Preferential location of functional sites in CATH superfamilies. Each dot represents a superfamily. The plots show, on the Y-axis, the maximum proportion of 60% sequence identity clusters that have a functional site at a given position (or, in other words, it shows the proportion of 60% seq. id. clusters with a functional site at the position where that proportion is the highest). The X-axis shows the number of 60% seq. id. clusters that have functional site data of that type in the superfamily. Only superfamilies with at least 10 60% seq. id. clusters are considered here.
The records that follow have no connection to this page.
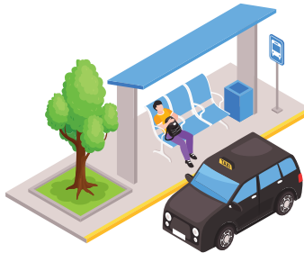
WAITING FOR BUS
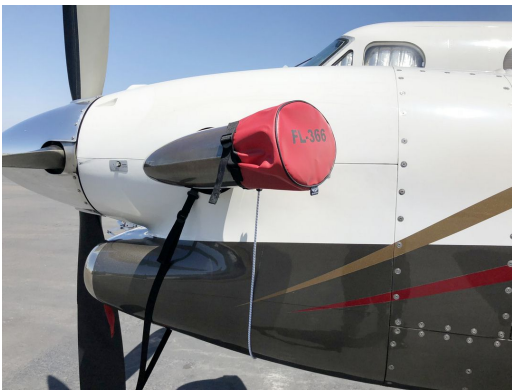
Beech King Air 350 Prop Tie-Downs/Exhaust Covers Combination

This cover type is made from Silver Acrylic Sunbrella canvas and is 100% lined with a soft and smooth microfiber. Bruce's Custom Covers developed this material combination especially for aircraft protection. The outer material is medium weight and treated for water resistance, UV resistance and anti-static buildup. The inner lining is a very soft and smooth microfiber to prevent scratching. The material is very reflective, and tests show that the cabin interior temperature can be reduced to near-ambient temperature on the hottest of days. It is water, ice and snow repellent, yet breathable to allow moisture to escape from between the cover and the aircraft surface.
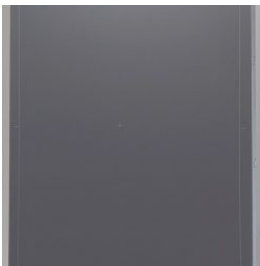
FULL SPINE DR PANEL LONGTAIL
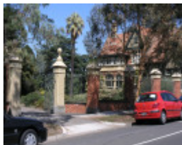
FORMER NORTH PARK SOHE 2008
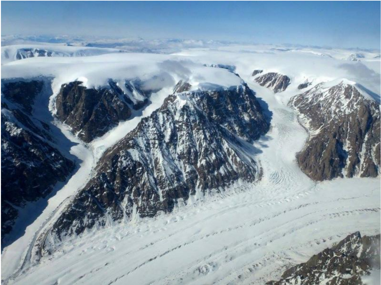
The Greenland Ice sheet discharging into valleys.

This is to avoid meaningless fractions on the Y-axis (50% of 2 clusters is only one cluster).

Fig. 7

Protein-protein interface coverage for 10 most populated superfamilies in the CATH database. The colour scheme is the same as in Fig. 3.

Fig. 8

Functional site coverage versus superfamily diversity, with structurally diverse superfamilies coloured in red. Superfamilies are defined as structurally diverse if they contain at least 2 structural clusters (see Methods section).

Fig. 9

Comparison of the number of catalytic residues that are conserved in each type of functional family, before and after removing fragments.